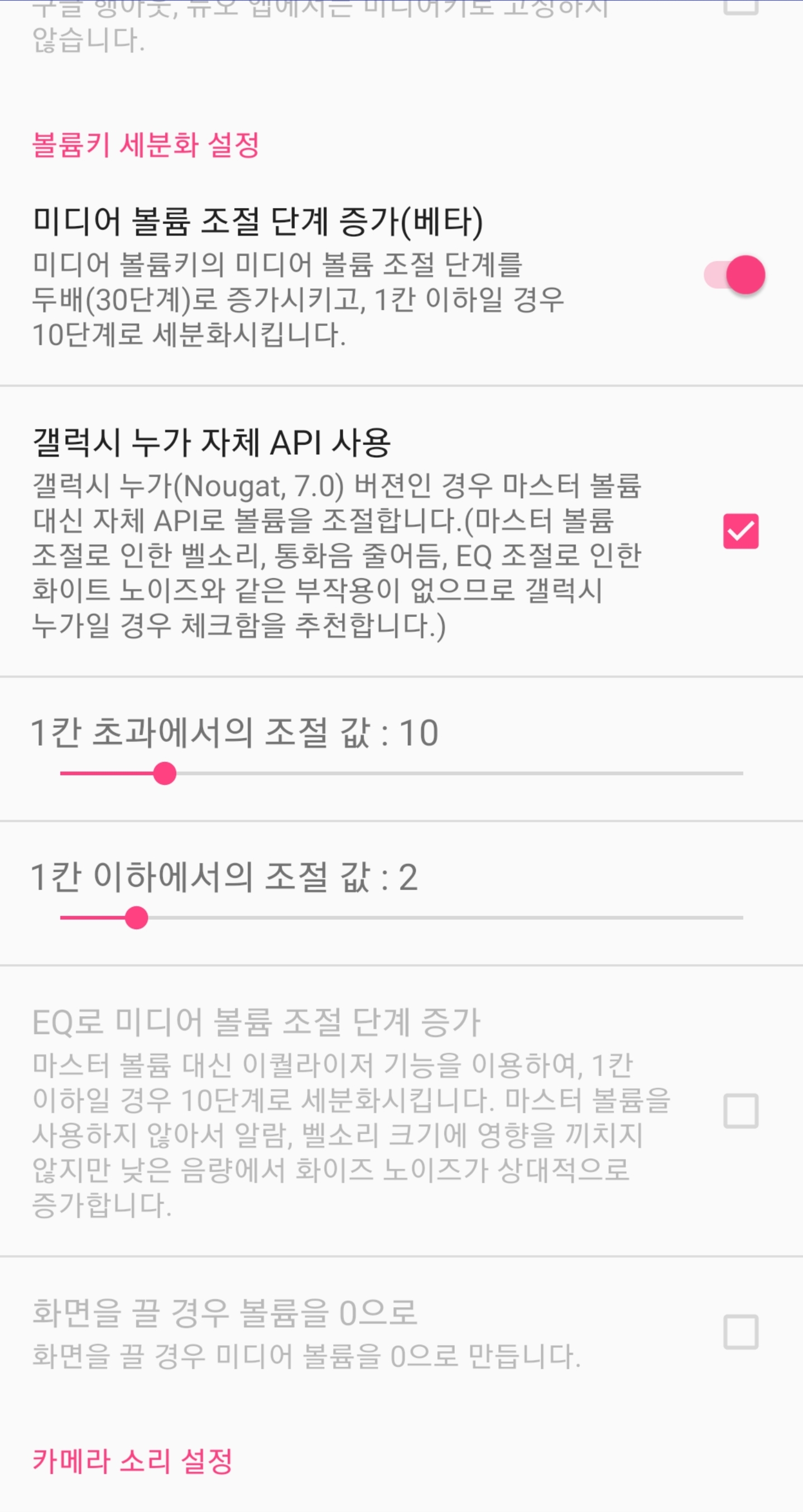 다른 방법으로는 음악이나 유튜브 시청할 때 소리가 너무 커서 누군가가 듣게 돼서 방해가 된다면 최저 음량을 세분화해서 아주 작은 소리로 소리를 들을 수 있습니다. 사용하는 방법에 따라 굉장히 유용하게 사용될 것 같습니다.
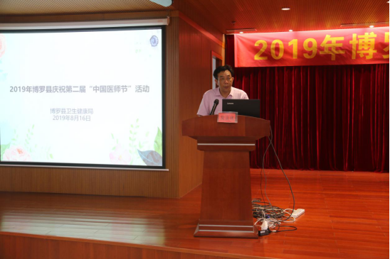8月16日下午,在中文博彩平台行政服务中心举办中文博彩平台庆祝第二届“中国医师节” 活动。县政府办公室副主任谢舒、县总工会副主席张敏才,县卫健局局长李新华,县卫健局领导班子及各级医疗卫生单位医务人员代表约200多人聚集一堂,共庆属于中国医者的第二个医师节。
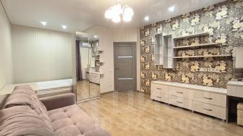 Остается полностью вся мебель в гостиной, кондиционер, кухонный гарнитур со встроенной бытовой техникой. В коридоре установлен вместительный шкаф-купе. Гостиная зонирована на спальную зону и зону отдыха.
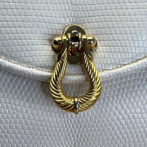Vintage Finesse White Faux Lizard Leather Handbag Gold Chain Strap & Twist Clasp
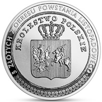 Despite the outbreak of the uprising, the mint initially continued to strike coins using the old stamps. The change did not take place until after the dethronement of Nicholas I on 25 January 1831. As early as on 10 February, the mint was ordered to remove the tsar’s portrait from the dies and replace it with a new coat of arms of the Kingdom, depicting the Eagle and the Chase on a divided, crowned escutcheon. Copper 3-grosz (trojak) coins, billon 10-grosz coins, silver 2-złoty and 5-złoty coins, and gold ducats of the Dutch type were struck with this new emblem. A total of 7.5 million coins of all types were minted. A 5-złoty coin representing the insurgent currency was chosen as the theme for the new collector coin. Its obverse features the aforementioned coat of arms with the Eagle and the Chase. The inscription along the rim above clearly indicates that it symbolises the Kingdom of Poland. The reverse shows the denomination in the centre: 5 / ZŁOT· / POL·. This inscription is surrounded by a wreath of oak leaves. At the bottom of the wreath there are two letters: K· and G·, which are the initials of the mint’s administrator, Karol Gronau. Along the rim, the exact coinage standard of the 5-złoty coin and the date: 17 211/625 Z GRZYW·CZYST·KOL· * ROKU 1831 * are featured.
* * * * *
**Assignment:**
Would you copy, word for word, only the lines above from the one containing "Остается полностью вся" through the one containing "Vintage Finesse White", both included, and please leave out the pictures?

**Expected answer:**
 Остается полностью вся мебель в гостиной, кондиционер, кухонный гарнитур со встроенной бытовой техникой. В коридоре установлен вместительный шкаф-купе. Гостиная зонирована на спальную зону и зону отдыха.
Vintage Finesse White Faux Lizard Leather Handbag Gold Chain Strap & Twist Clasp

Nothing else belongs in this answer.